В последних числах октября, когда требования думских депутатов резко политизировались и из обсуждения бюджета переросли в подготовку требований политического характера к правительству, а также после встречи в Ставке М.В. Алексеева с князем Г.Е. Львовым возникает мысль о дополнении думского давления на правительство личным давлением на императорскую семью в Ставке и Царском Селе. Для этой цели М.В. Алексеев и князь Г.Е. Львов решили использовать тех, чье недовольство существующим положением было известно и уже высказывалось прежде. Это были давний корреспондент царя А.А. Клопов и великий князь Николай Михайлович.
После визита 16 октября в Ставку князь Г.Е. Львов восстановил связь с А.А. Клоповым. Этот 75-летний чиновник, находившийся на тот момент в Петрограде, за неделю успел посетить великих князей в Крыму, а 24 октября уже направил телеграмму Г.Е. Львову из Киева[304]. Из своих бумаг А.А. Клопов извлек записку, написанную еще 7 марта 1916 г., в которой высказывалась мысль о создании ответственного министерства, возглавить которое должен был князь Г.Е. Львов. На тот же пост рекомендовался и министр просвещения граф П.Н. Игнатьев. Авторство данной записки долгое время было спорным вопросом. Но благодаря недавно проведенным исследованиям Б.М. Витенберга, можно утверждать, что автором записки был Я.В. Глинка (начальник канцелярии Государственной думы), который, однако, скрыл факт ее написания от своего патрона – М.В. Родзянко. Дело в том, что Я.В. Глинка являлся сторонником ответственного перед Думой кабинета, в то время как М.В. Родзянко предпочитал добиваться «создания объединенного правительства из лиц, пользующихся доверием страны». К тому же эта акция проводилась в интересах князя Г.Е. Львова[305]. Однако по неизвестным причинам от замысла послать записку императору в марте 1916 г. авторы отказались.
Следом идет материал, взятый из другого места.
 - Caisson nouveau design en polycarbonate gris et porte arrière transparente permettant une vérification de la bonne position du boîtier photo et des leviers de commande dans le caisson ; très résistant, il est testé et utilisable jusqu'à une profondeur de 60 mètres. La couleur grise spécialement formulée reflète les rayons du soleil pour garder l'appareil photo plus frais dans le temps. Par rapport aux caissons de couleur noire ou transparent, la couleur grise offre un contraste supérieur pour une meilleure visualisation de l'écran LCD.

А 26 октября эту же записку прочитал великий князь Николай Михайлович и вычеркнул из нее имя графа П.Н. Игнатьева, сопроводив свое решение замечанием: «Не надо портить положение графа Игнатьева»[306]. Николай Михайлович, хорошо зная характер Николая II, считал, что ему нельзя навязывать конкретных лиц. Кроме того, он не считал П.Н. Игнатьева подходящей кандидатурой на главный пост в правительстве, поскольку спустя лишь неделю упоминает в качестве претендентов на него только А.Ф. Трепова, А.В. Кривошеина и И.Г. Григоровича[307]. В целом Николай Михайлович одобрил записку, оставив в ее конце следующую пометку: «В общем хорошо, ясно и тепло. Да благословит Вас Господь! Н.М. 26.10. 1916 г.»[308]. Скорее всего, Николай Михайлович просматривал записку в Киеве, где находился в конце октября. Примечательно, что 26 октября местные газеты сообщили о приезде в Киев Я.В. Глинки[309].
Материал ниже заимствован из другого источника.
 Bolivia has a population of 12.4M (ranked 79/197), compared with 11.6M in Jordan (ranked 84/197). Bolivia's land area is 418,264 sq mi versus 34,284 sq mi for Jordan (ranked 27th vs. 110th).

28 октября в Киев на свидание с матерью, вдовствующей императрицей Марией Федоровной, прибыл Николай II, пробыл в городе два дня, к этому времени в городе из лиц императорской фамилии находились лишь великие князья Павел Александрович, Александр Михайлович и великие княгини Ольга Александровна и Мария Павловна (младшая)[310]. Свитские генералы Б.М. Петрово-Соловово и А.Н. Граббе сообщали протопресвитеру русской армии и флота отцу Георгию Шавельскому, что в этот приезд между Марией Федоровной и императором состоялся разговор, в котором вдовствующая императрица много говорила с сыном о «внутреннем положении государства». Однако они достоверно не знали о содержании разговора[311]. Кроме того, с Николаем II говорил о необходимости удаления Г.Е. Распутина и один из ближайших друзей Марии Федоровны 78-летний принц А.П. Ольденбургский, который при этом даже расплакался и вызвал слезы у Николая II[312]. В дневнике вдовствующей императрицы имеются сведения об этом визите, в ходе которого она лишь один раз встречалась с сыном наедине. «За обедом был только Ники, беседовали обо всем понемножку. В 10 часов вечера он уехал. Два таких счастливых дня осталось позади»[313].
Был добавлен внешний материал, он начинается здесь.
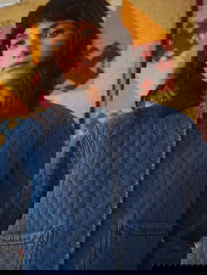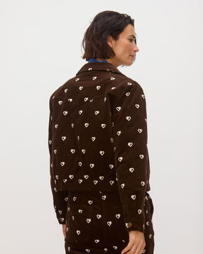 Chocolate Brown Corduroy Heart Embroidered Quilted Jacket

Возможно, что аудиенции в Киеве добивался и А.А. Клопов, которому в этом было отказано. М.В. Алексеев первоначально планировал организацию его встречи с Николаем II в Ставке, чтобы вручить ему проект рескрипта о назначении самого начальника штаба главой Совета министров[314]. Из-за совпадения некоторых формулировок рескрипта с резолюцией кадетской конференции, принятой 24 октября, историк В.С. Дякин полагал, это «не только позволяет датировать проект временем не раньше этого дня, но и наводит на мысль о согласовании текста с кадетскими лидерами»[315]. С нашей точки зрения, данный рескрипт составлялся по меньшей мере после 26 октября, когда великий князь Николай Михайлович отверг кандидатуру графа П.Н. Игнатьева в качестве претендента на пост премьера. Наиболее вероятно его составление между 29 и 31 октября в пику Александре Федоровне, поскольку именно в эти дни в правительстве вновь начал обсуждаться вопрос о назначении «диктатором тыла» А.Д. Протопопова. Однако М.В. Алексеев неожиданно заболел. Поэтому вместо этого в Киеве Николай II получил письмо от Николая Михайловича с просьбой принять его в Ставке 1 ноября.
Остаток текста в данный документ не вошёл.